Malcolm X assassinated

1965

Robert J. Murphy, Jr., of Nichols, Fla., won the first Amateur Championship he entered with a 72-hole score of 291 at the Southern Hills Country Club, Tulsa, Okla. It was the first Amateur Championship to be decided entirely at stroke play.

The format provided for four 18-hole rounds in as many days. Murphy, a 22-year-old senior at the University of Florida, had taken up golf in a required physical education class at 18. Murphy's rounds were 73-69-76-73- 291.

Bob Dickson, of Muskogee, Okla., a student at Oklahoma State University, was the runner-up at 292. Dickson had the misfortune to carry a 15th club in his bag for the first two holes of the second round and so incurred a penalty of four strokes; the club was not his and he did not use it. Dickson recovered from the penalty to lead after 70 holes.

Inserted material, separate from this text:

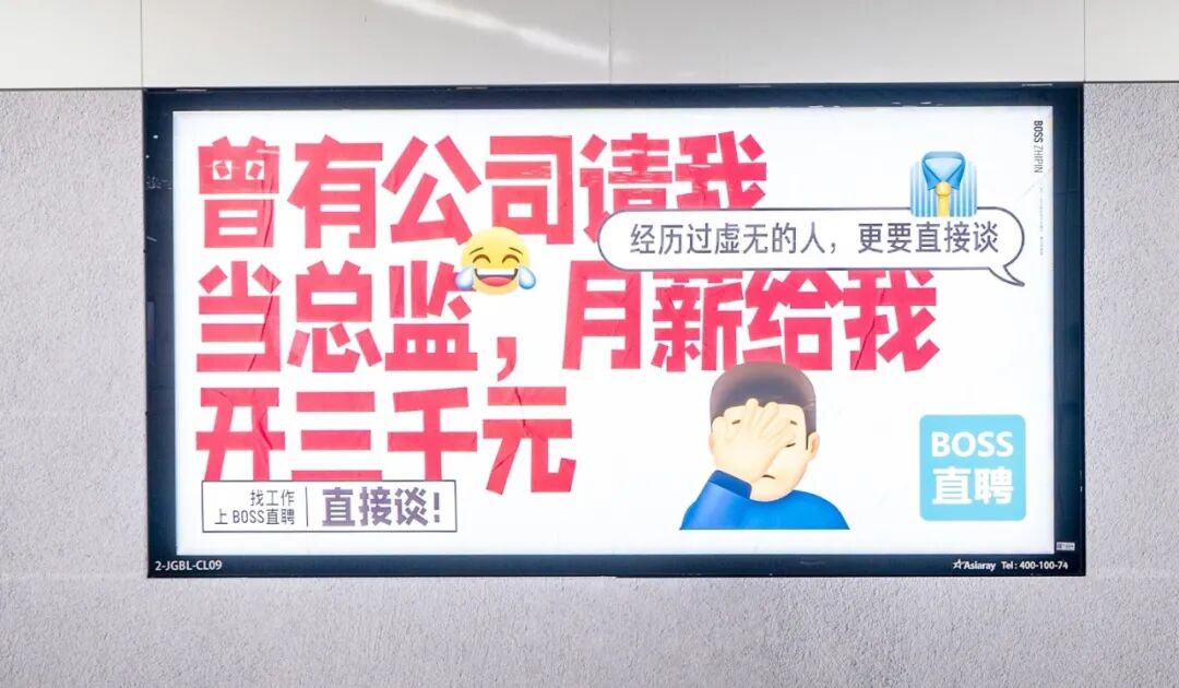 与之前的洗脑广告相比,这一次BOSS直聘更富有「人情味」和「生活气」,它选择了更柔软的沟通方式,不直接谈找工作,而是将关注重点放在了各行各业背后千千万万个工作人员身上。消费者往往只关注产品的口味和包装,而很少关注背后的生产链和工作者,Boss直聘这组文案「由表及里」,引导人关注每一个产品或行业背后所连接着的千千万万个工作岗位。除了快消品,还有建筑、餐饮、火力发电、通信、电器、交通、服饰等行业,从研发端到销售端,再到使用端,无论是哪个行业,哪怕是最基础的工作,也是由千万工作者的高阶智慧编织而来。人类社会之所以能维系高速运转,是因为有各行各业的人在努力工作。每份看似不起眼的工作,都凝聚了整个行业和产业链千千万万人的心血。“人的本质是其一切社会关系的总和。社会是由无数个人组成一定社会关系构成的有机整体,社会发展离不开人的作用。”因此BOSS直聘以「事在,人为」为传播主题,事在人为原本的意思,是指在一定的条件下,事情能否做成要看人的主观努力如何。而BOSS直聘将这个成语拆分开,做了全新解读,正因为有事做,所以才有了更多为之付出的人,也有事情靠人完成的意思。有人评价为这组文案是“螺丝钉的价值白皮书”,它强调个体的重要性,反映出每个职位工作者的价值感和使命感。BOSS直聘还将这组广告搬到线下地铁和公交站,在北京、上海、广州、深圳、杭州等一线城市,选择了拆迁风的形式,水泥质感背景配上醒目的文案,强势吸睛。在最规整的地方做牛皮癣风格广告,制造反差效果,Boss直聘这波广告引爆线下声量。02

Murphy, already in with 291, waited as Dickson went one over par on each of the final two holes. Don Allen, of Rochester, a member of the 1965 Walker Cup Team, tied for third at 293 with Cesar Sanudo, of El Cajon, Calif. William C. Campbell, of Huntington, W.Va., the 1964 Champion, tied for eighth with 296. Charles R. Coe, of Oklahoma City, was the 54-hole leader at 217 and finished with an 80.